Deja vu … http://www.helium.com/items/116736-home-recording-for-beginners
Original post removed as spam plagiarism
Deja vu … http://www.helium.com/items/116736-home-recording-for-beginners
Original post removed as spam plagiarism
Topic moved to the “Recording Techniques” section.
“Normal” microphones may not be a good choice for “close mic’ing” as the sound pressure level close to a drum skin can be extreme. “Dynamic” microphones can usually handle toms reasonably well, and at a push may do a reasonable job with kick drum and snare, but “normal” condenser or electret microphones are likely to be badly overloaded, reducing the sound quality of the recording and possibly causing permanent damage to the microphone.

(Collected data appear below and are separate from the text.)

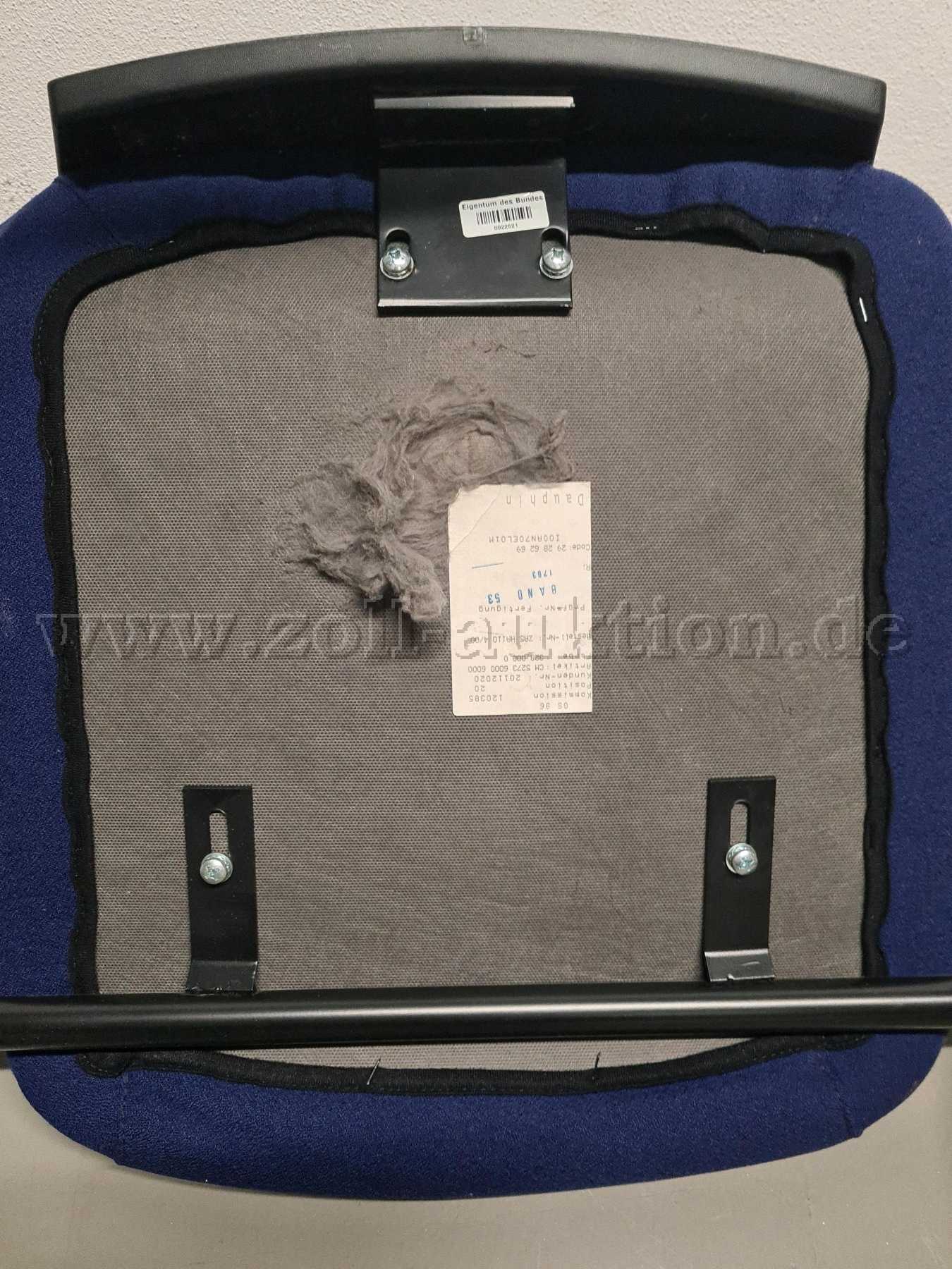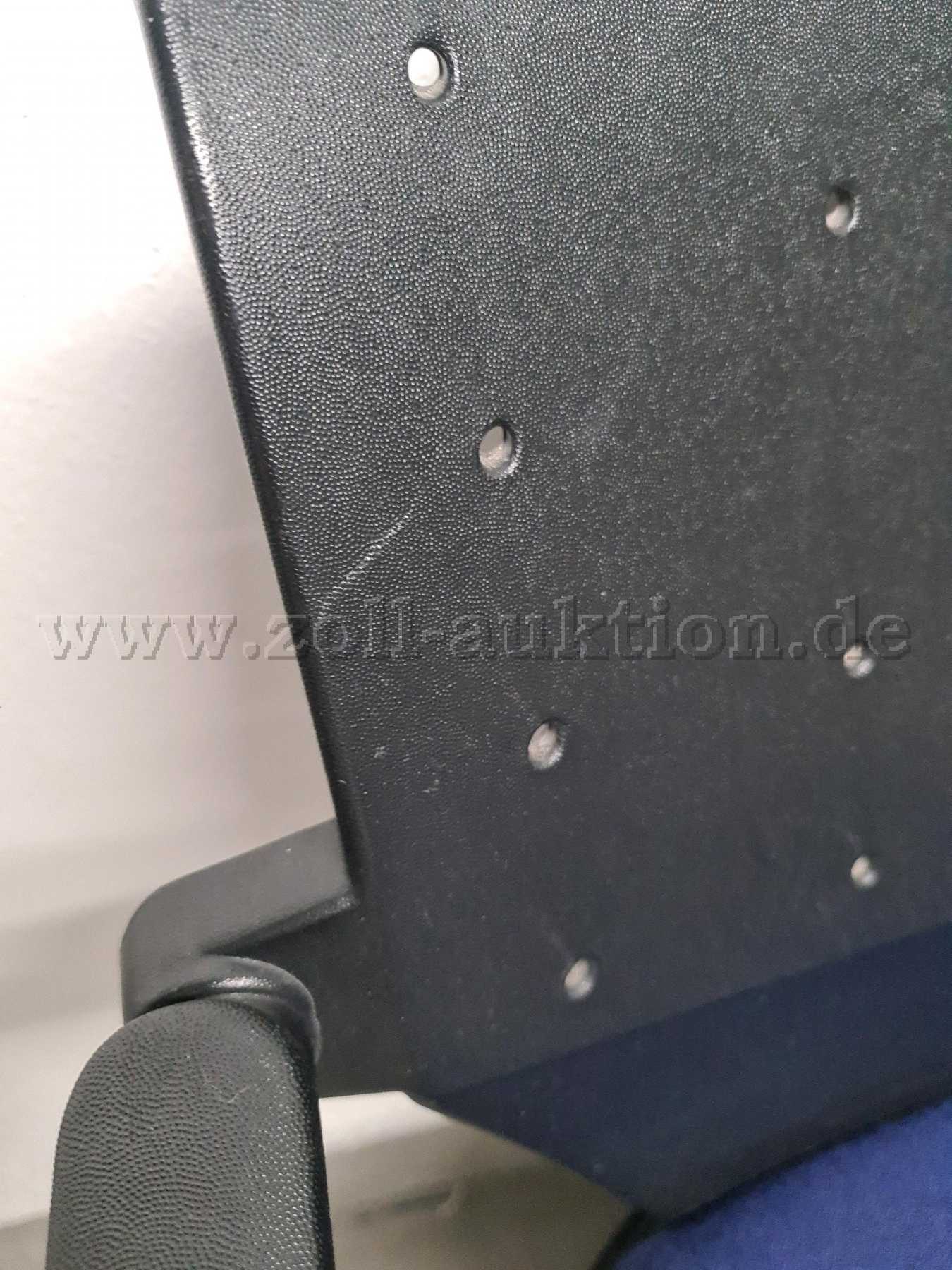 Polster und Gestell verschmutzt, verstaubt, teilweise fleckig, Kratzer am Gestell sowie an Arm- und Rückenlehnen, weitere Gebrauchsspuren vorhanden (Polster auf Sitzfläche aufgeraut, Unterseite beschädigt - siehe Fotos).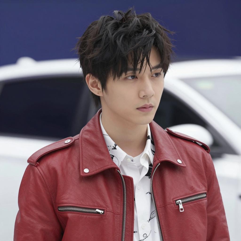 Man in white embroidered shirt and pants, standing on stage, extending right arm, red curtains in background, microphone on left, belt with silver buckle, short brown hair, mid-performance, focused expression.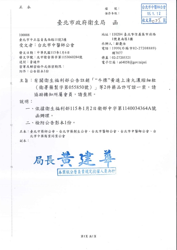 | 台北市中医师公会 官网:http://www.tpcma.org.tw 地址:台北市中正区青岛西路11号3楼 E-mail:tp.cma@msa.hinet.net 电话:(02)2314-3456(代表号) 传真:(02)2314-8181 |
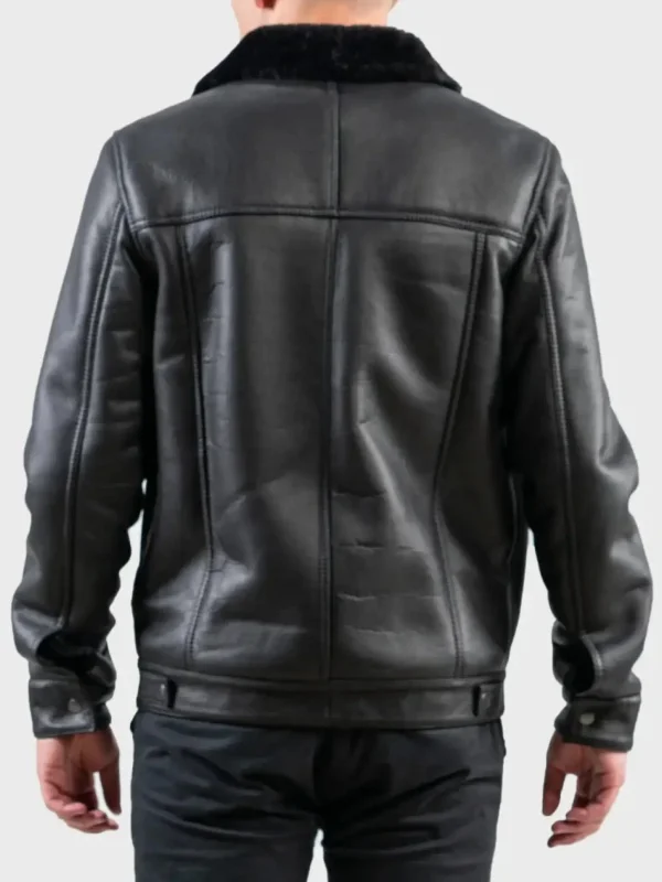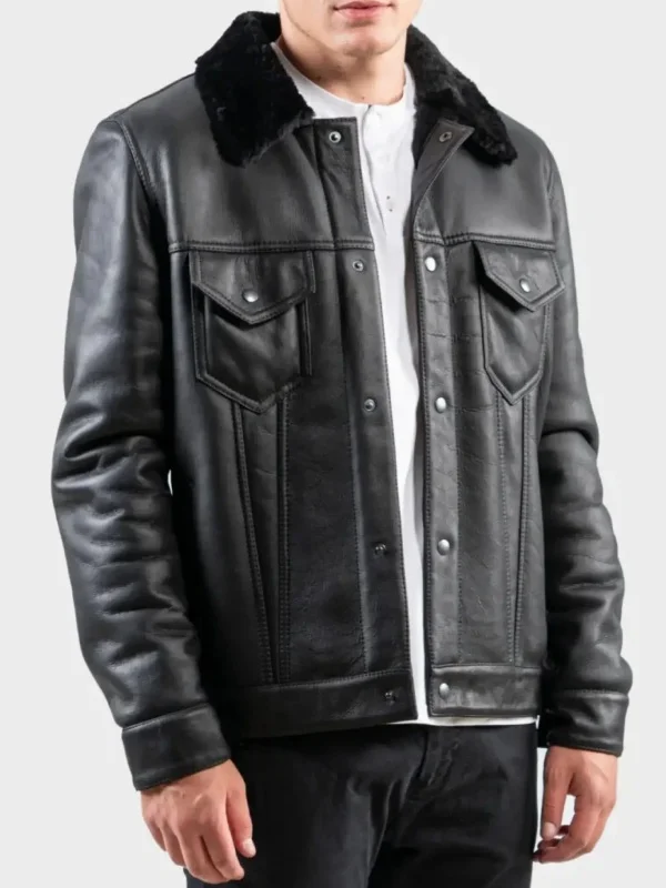 Men’s Black Leather Shearling Trucker Jacket

Unless it is acceptable to have a very “distant” sound of the drum kit, the minimum number of microphones is likely to be 2. One for the kick drum and one for the rest. Personally I quite like using 3 microphones - one for the kick drum and a pair of overheads for the rest of the kit. This can produce a very natural well balanced sound, but requires nice acoustics in the room where the recording takes place.
For a big “rock” sound, there is little alternative to close mic’ing the entire kit - or at the very least, least separate mics for snare and kick drum.

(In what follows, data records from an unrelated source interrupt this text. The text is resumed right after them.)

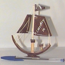 MINI JANGADA (9,5X4,5X13,5 CM) CONFECCIONADA COM CASCA DE CÔCO. NA VELA, A INSCRIÇÃO 'CABEDELO PB'.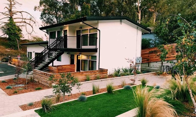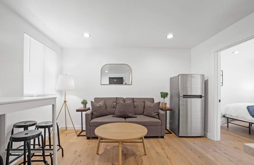Welcome to our freshly reimagined 1-bedroom, 1-bath haven, crafted to host up to 4 guests! This stylish, modern, street-level unit features a fully equipped kitchen and a spacious living area—ideal for unwinding or catching up with loved ones. Need room for a bigger crew? Combine this unit with any of the 5 other unique rentals on-site, including a neighboring 3-bedroom house, to accommodate up to 24 guests for retreats, reunions, or special events. Bonus: eco-conscious travelers will love the on-site EV chargers. Your perfect stay begins here!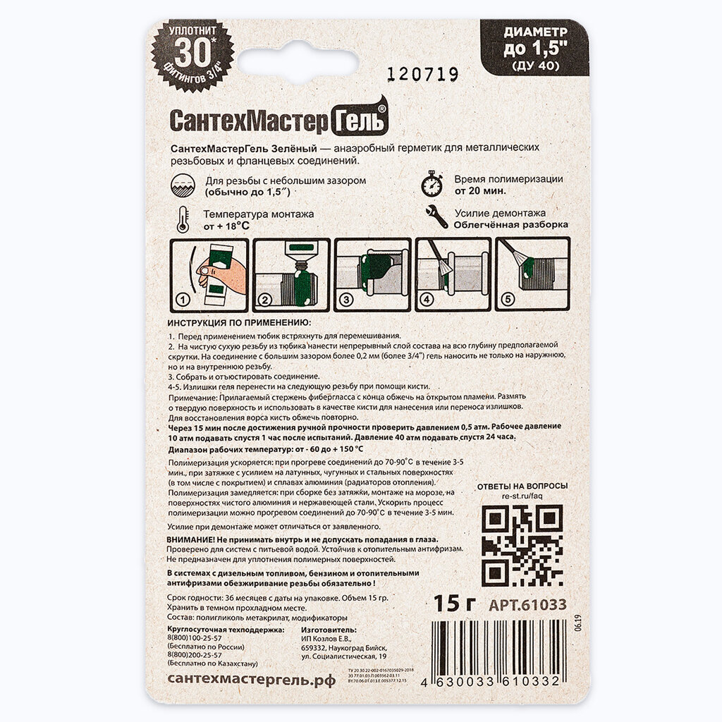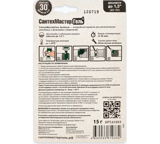 Гель-герметик «СантехмастерГель» зеленый легкая разборка 15г. блистер интересное: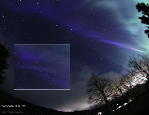 "Last night, a blue aurora appeared overhead," reports Geir T. Birkeland Øye of Ørsta, Norway, less than 200 miles south of the Arctic Circle. "This is a sight we don't often see."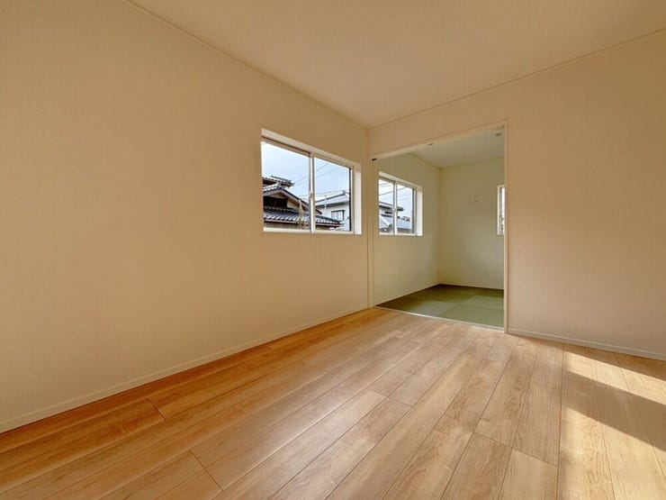 1階に和室がある4LDK!古風な和室ではなく、今っぽいシンプルな洋和室なので家具もマッチしやすい◎お子様の遊び場、お昼寝スペース、趣味に集中できるお部屋です(^^♪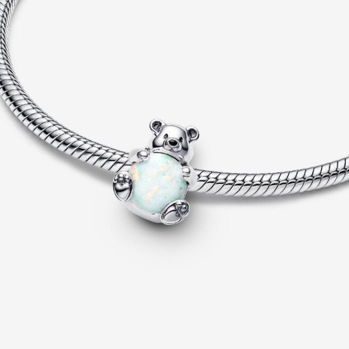 PANDORA Polar Bear Charm (Sterling silver, lab-created opal) - Hạt trang trí vòng tay hình gấu bắc cực ôm đá opal nhân tạo, bạc 925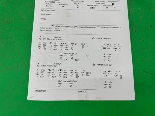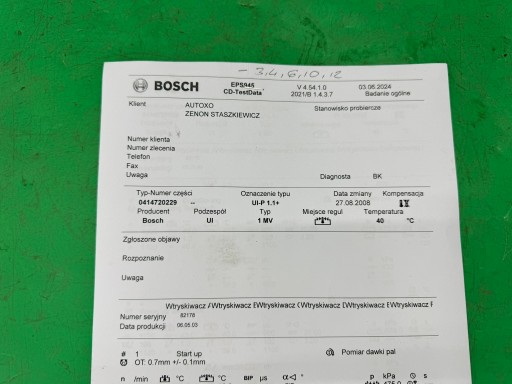 WTRYSKIWACZE SPRAWDZONE, PARAMETRY WIDOCZNE NA ZDJĘCIACH.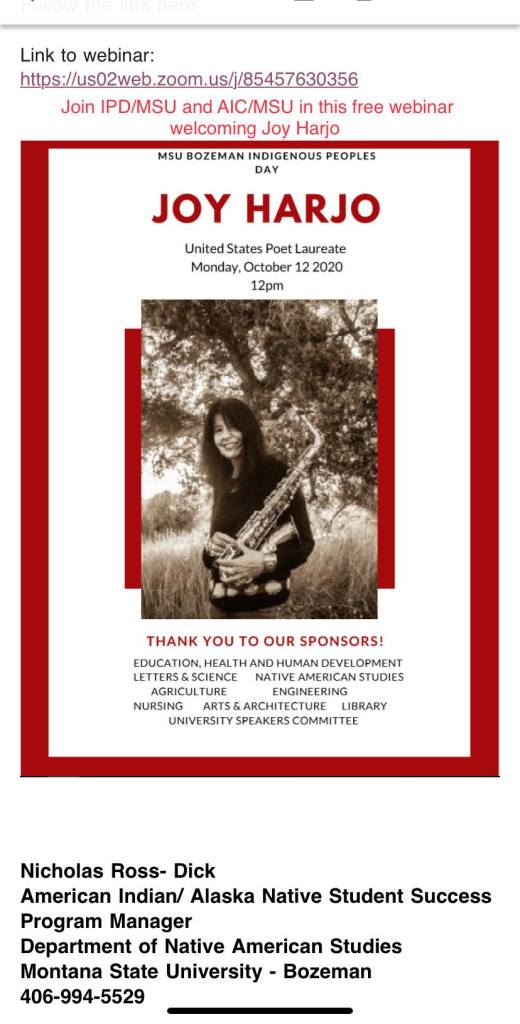 Free webinar! #JoyHarjo #PoetLaureate #USA #IndigenousPeoplesDayMontana #AmericanIndianCouncil #NativeAmericanStudies #MontanaStateUniversity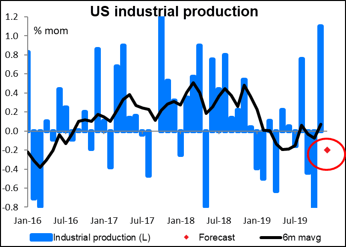 US industrial production is a big indicator for the US stock market, but not so important for the FX market. In any event, the small decline that’s expected after the surge in the previous month is about what’s necessary to keep the 6-month moving average unchanged, so in fact it represents a continuation of the current trend – USD neutral.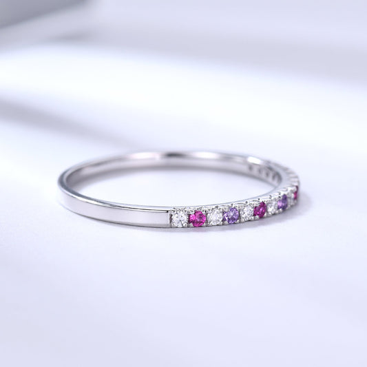 Multi Gemstone Wedding Band Half Eternity Moissanite Amethyst Ruby Stacking Family Ring

The other alternative is to use electronic drums, unless the idea of that makes you feel queasy
My top tips for home recording would be, 1) pay a good deal of attention to microphone placement, and the acoustic of the room where you are recording and recording levels. Lots of soft furnishings, carpets and curtains can help reduce unwanted echoes. Well recorded source material will greatly improve the ease of producing a good mix, but poor source material makes it extremely difficult or impossible to get a good finished product. 2) Don’t delay recording - even a bad, unusable take is useful experience.
Unfortunately it appears that the original poster has been deleted - probably due to plagiarising Chris Wickham’s article with the intent of sneaking spam through the system.
I say “unfortunately” because there were a couple of interesting points, and a forum topic about multi-track home recording could be informative and interesting for many users. If anyone would like to contribute to a discussion and tips from their own experience of multi-track recording, please feel free to do so. (not an invitation to spammers )
Hello!
can anyone tell me how to get rid of some background noises?
<<<can anyone tell me how to get rid of some background noises?>>>
Highly likely, but not from where you posted. Nobody will ever find you down here. Copy your post and navigate to here…
http://forum.audacityteam.org/
Then scroll down until you get to your version of Audacity, and scroll some more until you get to your computer type and post your brains out.